9/26 Tye/Chaudhury

Both papers pointed out that tests measuring depression-like symptoms aren’t always helpful in studying depression. The Chaudhury paper said that chronic mild stress (CMS) paradigms and physically aversive stimuli inhibit ventral tegmental area (VTA) dopamine neurons, whereas more severe stressors and severe social stressors will increase neuron activity. Because of this, both papers agree that a different method must be used to study depression-like behaviors.

Instead, they suggest studying circuits that are translational between rodents and humans. Both papers researched the VTA-NAc pathway by stimulating dopamine neurons using optogenetics. This has shown to be an important pathway in depression, especially relating to susceptibility vs. resilience. However, they differed by the stressor used to cause the depression-like behaviors.

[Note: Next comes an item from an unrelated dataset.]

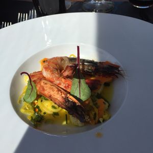 海老のプランチャー焼きの下に、まるい型のサフランリゾットが敷いてあったのですが、これが今まで食べたことがないほどおいしくありませんでした。

Tye et al. temporally excited VTA dopamine neurons using channelrhodopsin-2 (ChR2) in a phasic firing pattern. When combined with a twelve-week CMS paradigm, illumination increased kicking and swimming behavior in ChR2 animals. They found that locomotion wasn’t increased in an open field test (OFT), so the increase in movement was from VTA dopamine activation, not just a general increase in locomotion.

Chaudhury et al. investigated the use of optogenetics in resilient vs. susceptible animals that were subjected to a ten-day social defeat stress paradigm. They used ChR2 to phasically induce VTA dopamine neuron firing. Optical phasic firing stimulation of the VTA-NAc dopamine neuronal pathway induced the depression-like phenotype in socially stressed mice. By inhibiting the VTA-NAc pathway by using a halorhodopsin (NpHR), the mice subjected to social stress became more resilient. They discovered that susceptible mice have increased dopamine neuron firing in this circuit.

The results of the two papers suggests that further research should be done on brain circuits to treat depression, and optogenetics seems like a valuable way to approach it.